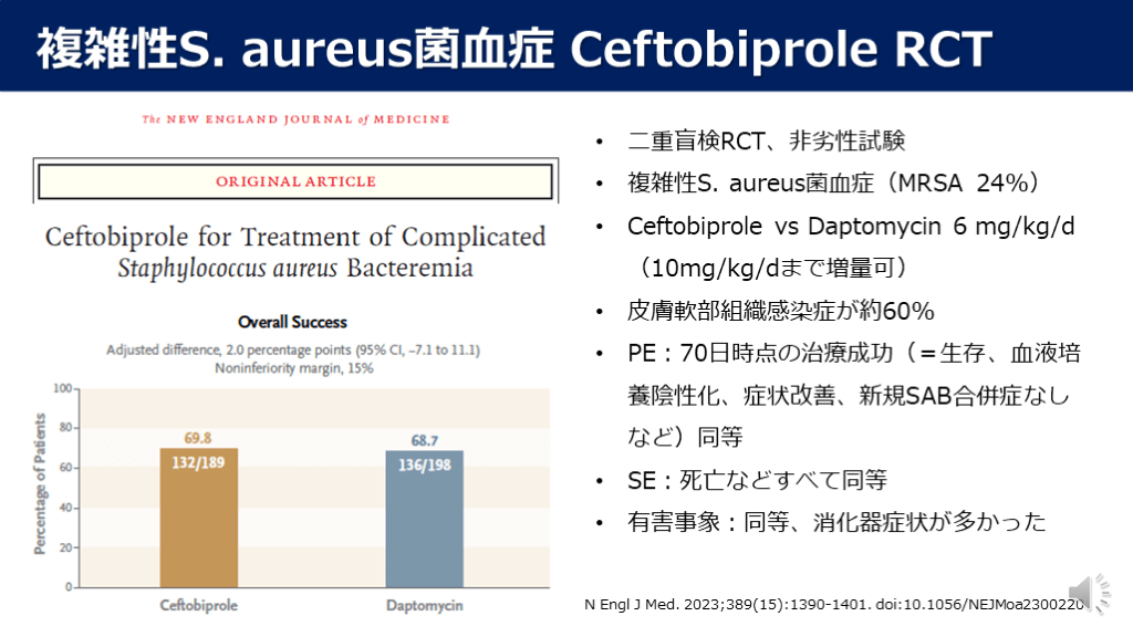 #8. 複雑性S. aureus菌血症 Ceftobiprole RCT 二重盲検RCT、非劣性試験
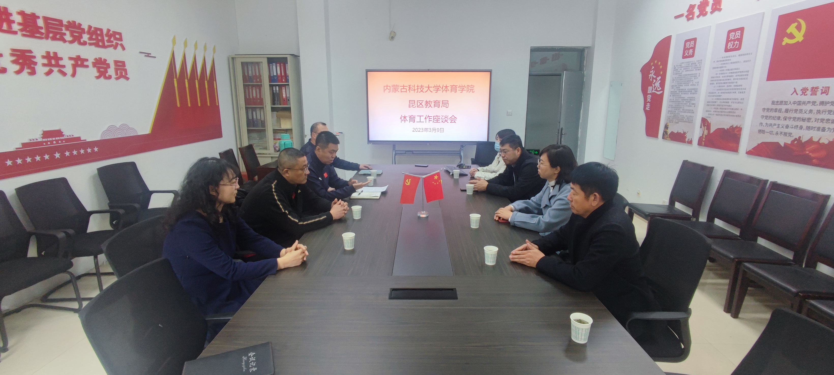2023年3月9日上午在太阳集团tyc539体育馆一楼会议室召开学校体育工作座谈会,太阳集团tyc539党委书记苗凯、院长白楠、党委副书记武淑琴、副院长张新民以及刘超、王熠,昆区教育局副局长刘君玉、体卫艺杜国军、孟和巴图等人参加会议。
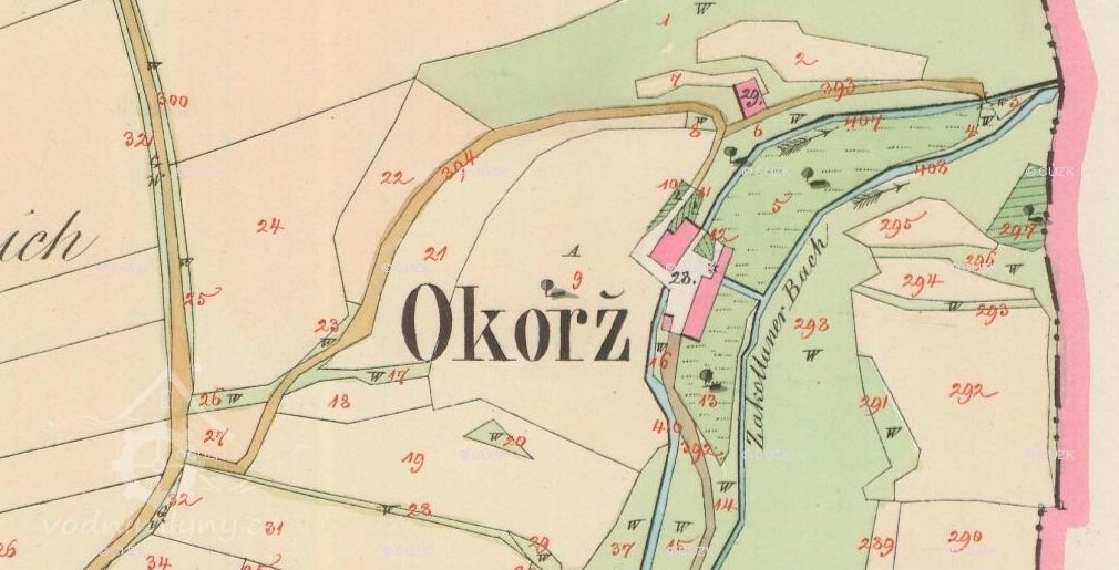 Zbytky zdí mlýna uváděného na historické mapě stojí v zahradě v zatáčce u turistické cesty z Okoře do Kovár. Mlýn byl ve zříceninách již v roce 1905. V okolí je chatová osada Colorado.

++++++++++

* WHAT IS EXPECTED: What you return must match the material above exactly, minus its pictures.

* WRITTEN RESPONSE:
 #8. 複雑性S. aureus菌血症 Ceftobiprole RCT 二重盲検RCT、非劣性試験
2023年3月9日上午在太阳集团tyc539体育馆一楼会议室召开学校体育工作座谈会,太阳集团tyc539党委书记苗凯、院长白楠、党委副书记武淑琴、副院长张新民以及刘超、王熠,昆区教育局副局长刘君玉、体卫艺杜国军、孟和巴图等人参加会议。
 Zbytky zdí mlýna uváděného na historické mapě stojí v zahradě v zatáčce u turistické cesty z Okoře do Kovár. Mlýn byl ve zříceninách již v roce 1905. V okolí je chatová osada Colorado.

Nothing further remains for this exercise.